In a sign of confidence, Sunnova said it would grow its customers by 40 percent in 2021 and 2022. That’s a much faster clip than the recent performance of leading rooftop installer Sunrun, which grew its customer base by 22 percent in 2019. The primary goal, though, is maximizing cash flow from that expanding fleet of installed assets.
Aiming to “be the largest”
Sunnova, though smaller than its national solar company rivals, has steadily built itself into a competitor worth taking seriously.
Tesla, with all its brand recognition, posted its worst-ever totals for solar installations in Q2. Even though it switched to online sales well ahead of the industry as a whole, Tesla’s Q2 megawatts deployed fell 7 percent from Q2 2019, its previous low. It fell 23 percent from Q1 2020.
That set up dour expectations for the residential sector: If a digital sales operation with high brand recognition like Tesla couldn’t avoid a serious downturn as customers were forced to stay at home, how would more traditional installers fare?
But Sunnova’s model of reaching customers through a network of local installer partners helped it to adapt to the coronavirus era, Berger said.
“Because each is a local expert in the geography in which they do business, our dealers are able to respond quickly and appropriately to navigate the unique challenges in their specific markets resulting from COVID-19,” he said on Thursday’s earnings conference call.
The other residential solar companies have yet to report their earnings.
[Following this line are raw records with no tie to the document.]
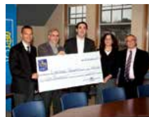
RBC INDIGENOUS LAW CLASSROOM
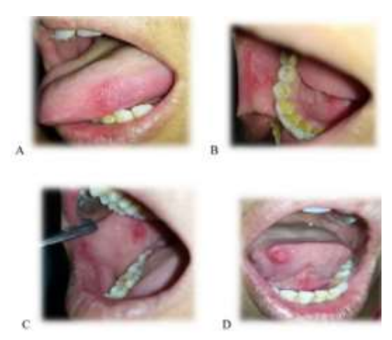
FIGURE 8- FOLLOW 4, recurrence of ulcers on, (A) left lateral border of tongue, (B) right buccal musoca, (C) right retromolar area, (D) right side on ventral surface of tongue.
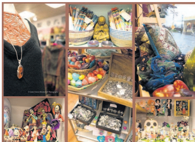
Moxie features fair trade items and art.
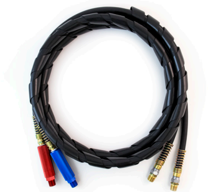
455144ASETW - No prefix keeps the 12ft hoses black. The suffix "ASETW" adds aluminum grips, makes it a pair of hoses instead of one, and adds spiral wrap.
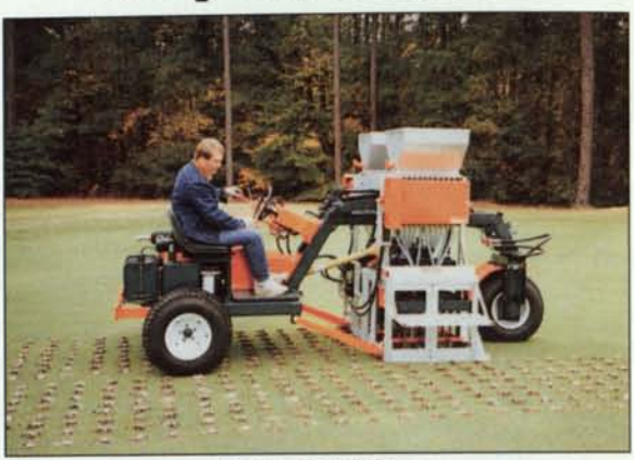
U.S. Pat. No. 4,476,938
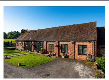
Barn End, Codsall Road, Palmers Cross, Wolverhampton
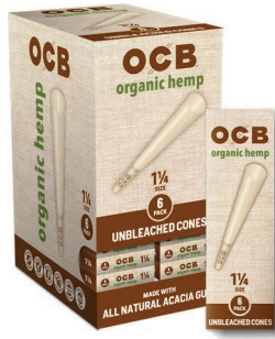
OCB® ORGANIC HEMP CONES 1 1/4 | 6 PACK 100% HEMP FIBERS | UNBLEACHED ITEM CNOOH84 24 EA | 20 UN | 480 CA
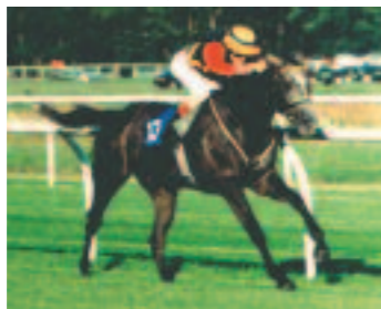
Snowy Mantle winning by 8 lengths at Nottingham

The Hungerford Stakes and The Criterion Stakes as well as being beaten a short head in a Group 1 at Woodbine, USA. He's from a star spangled female line which has provided seven individual Group 1 winners including Hennessy and Editor's Note. Arkadian Hero is by Tremolino who was winner of the Arc de Triomphe and is himself sire of Group 1 winners Snow Polina, Juvenia, Germany and Dernier Empereur. His first foals will reach the racetrack as two year olds in 2005. We are hoping that this match will produce a smart flat type who would stay up to a mile and a quarter. It's said to be impossible to plan to breed a grey but we'll be hugely surprised if this one isn't!
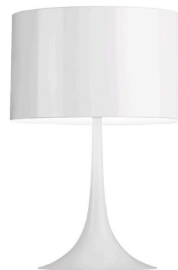
○ FU661109 Shiny White
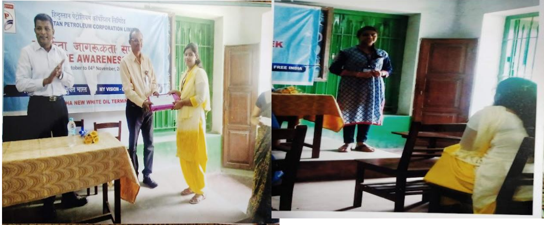
Elocution On Corruption Free India
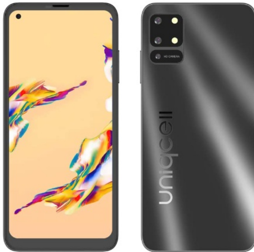
UNI X Overview
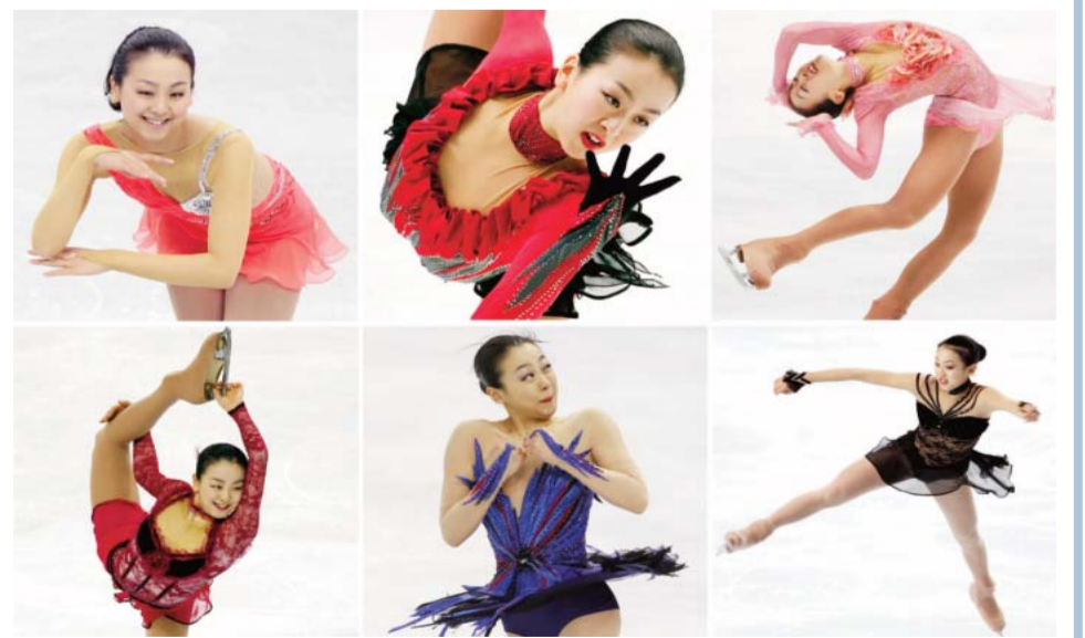
SOCHI: In this combination of six file photos, Japan's figure skater Mao Asada performs, clockwise from top left to right, at the ISU figure skating Grand Prix Final in Sochi, Russia, Dec. 7, 2012, at the Japan National Figure Skating Championships in Osaka, Japan, Dec. 27, 2009, at the Japan National Figure Skating Championships in Osaka, Dec. 26, 2009, at the Eric Bompard Trophy Figure Skating Grand Prix in Paris, Nov. 15, 2008, at the 2014 Winter Olympics in Sochi, Feb. 20, 2014, and at the World Figure Skating Championships in Turin, Italy, March 26, 2010. The 26-year-old Asada, the three-time world champion announced her retirement yesterday in a press conference.

South Korea's Kim Yuna at the start of a long rivalry. Kim and Asada's rivalry reached a head at the 2010 Winter Games in Vancouver, when Asada had to settle for silver while Kim claimed gold. Asada was tipped as a leading medal contender at the 2014 Sochi Olympics but had a disastrous short programme, although she rebounded with a strong free skate to finish sixth overall. "After the short programme, I thought I wouldn't be able to return to Japan, and the morning of the free skate I woke still feeling that way," she said. "But the moment I stepped out on the rink I just thought I'd have to do it, and give it everything I had." Asked about her future plans, Asada said she's taking part in an ice show this summer but is still thinking about the rest. "I've been skating since I was five and have gained so much from it," she said. "So I want to do something, in some form, to give back to the sport." — Reuters

But a major shift in the competitive landscape already came to light: front-runner Sunrun announced earlier this month that it will acquire No. 2 installer Vivint Solar, in the largest rooftop solar combination so far. The combined entity will have a portfolio of 3 gigawatts installed across 500,000 customers.
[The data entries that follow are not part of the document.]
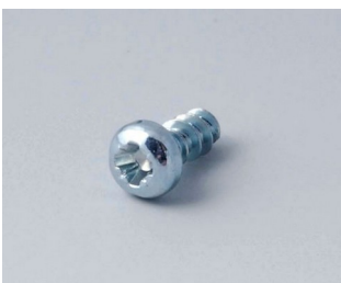
A0305031 Self-tapping screws 2.5 x 6 mm (PZ1)
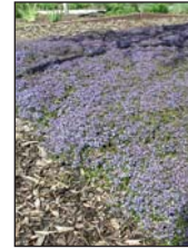
Turkish Speedwell Veronica liwanensis
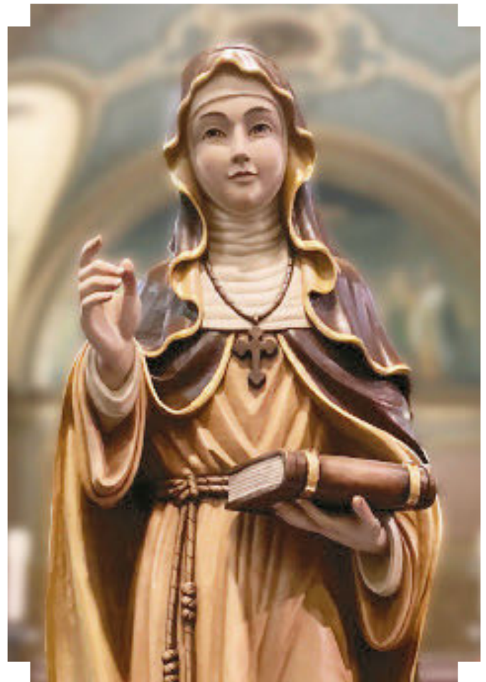
Our new St. Clare statue, in the church.

On August 11, 1253, Sister Death made her appearance. Clare died in the Assisi monastery where she had spent over forty years, surrounded by her Sisters and two of Francis' very first companions, Angelo and Leo. Two of her Sisters heard Clare speaking before she died. When asked to whom she was speaking, she responded, "I am speaking to my soul: Go without anxiety for you have a good escort for your journey, Go." Innocent celebrated her funeral, and in only two months time, he directed the Bishop of Spoleto to open the Process of Canonization. Alexander IV (formerly Cardinal Raynaldus) presided at the ceremony in 1255.
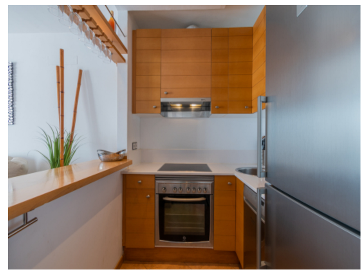
Timeless kitchen design
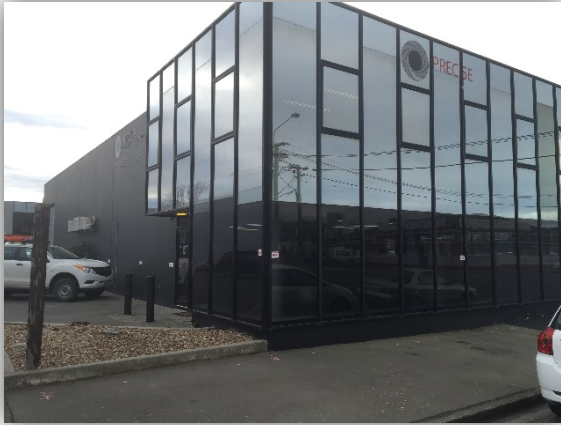
Figure 5 - Precise new Christchurch Facilities
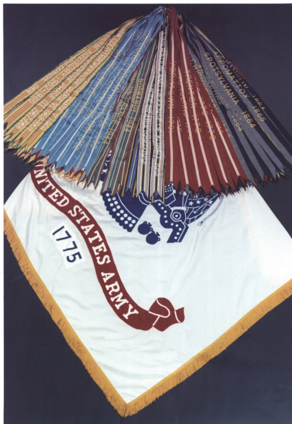
Figure B-1. The Army flag with streamers

Δ B-1. The Army's history is reflected in the battle and campaign streamers that adorn the Army flag. The Army flag honors all who served and are serving, reminding each American that our place today as the world's preeminent landpower was not achieved quickly or easily but built on the sacrifices from the Revolution through today. Additional information about these campaigns is available on line at http://www.army.mil/symbols/flag.html .

For now, though, Sunnova will grow its installations organically and by bringing on new dealer partners.
“We don’t need to do any acquisitions to continue to grow and actually to be the largest in the industry,” Berger said on Thursday’s call. “But we’re always looking at [merger and acquisition] opportunities; we will continue to do so.”
Storage attached to one-third of all solar deals
Sunnova’s ability to sell batteries with a third of its solar deals nationwide creates new business opportunities.
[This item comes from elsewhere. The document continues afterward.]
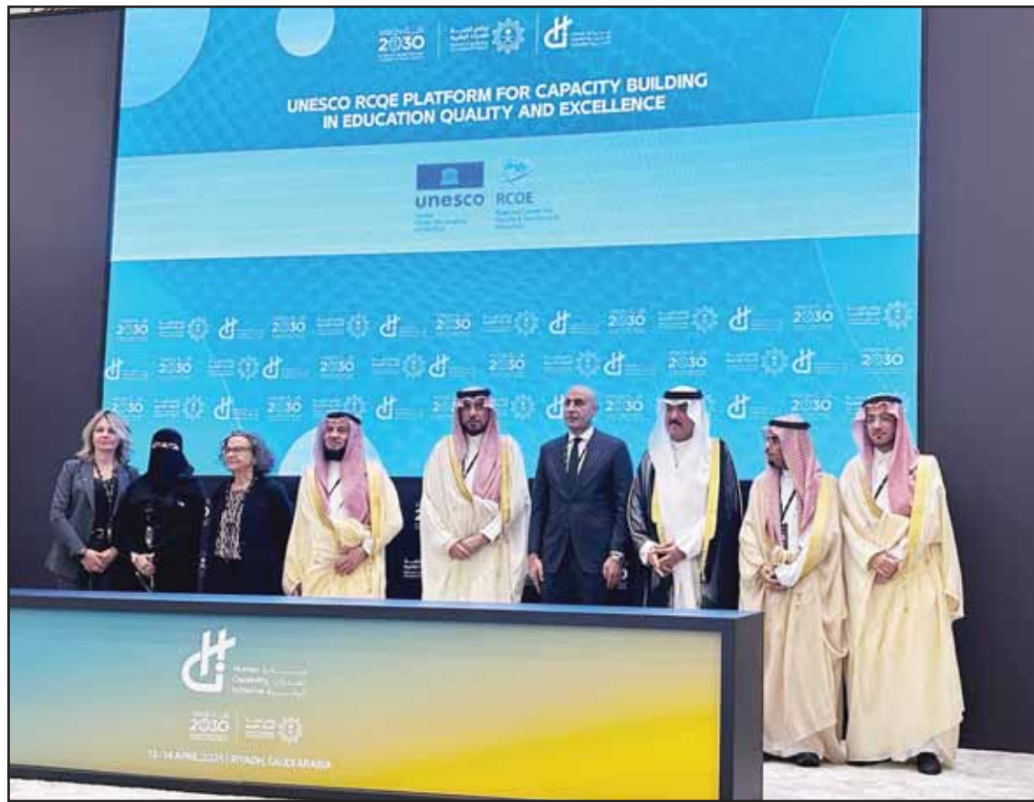
Kuwaiti Minister of Education, Engineer Jalal Al-Tabtabaei, along with more than 300 participants.

The conference features more than 100 dialogue sessions spread across four main platforms, aiming to exchange expertise and discuss prominent practices that contribute to enhancing human capability readiness in response to the world's rapid

Other companies have achieved that level in the battery-friendly state of California, where incentives, high retail rates and risk of wildfire-related outages make batteries attractive. Sunrun has said that its battery attachment rate in late 2019 reached 35 percent in California, while nationwide it stood at 20 percent. SunPower is targeting 20 percent attachment for its new residential storage offering by the end of the year.
Sunrun has made a strategic bet on grid services, in which it aggregates customer battery capacity to generate revenue from utility contracts or market participation. It has a head start, with more than 10,000 batteries installed, compared to Sunnova’s base of around 5,128 (5.6 percent of total customer base). But now Sunnova is talking about competing in grid services too.
The market is heading toward aggregated grid services, and Sunnova has some deals in the pipeline, Berger said. More specifics will have to wait for the next earnings call, though. He also cautioned that it will take a couple of years for anyone to derive meaningful revenue from this new line of business.
In the meantime, storage deepens the value proposition for customers. As summer storms bear down on Puerto Rico, Berger noted, Sunnova is charging up customer batteries to ride out potential outages and has crews standing by to repair any damage the storms may inflict.
“This is a service sale, not a product sale,” he said. “This is a much bigger industry than just solar only.”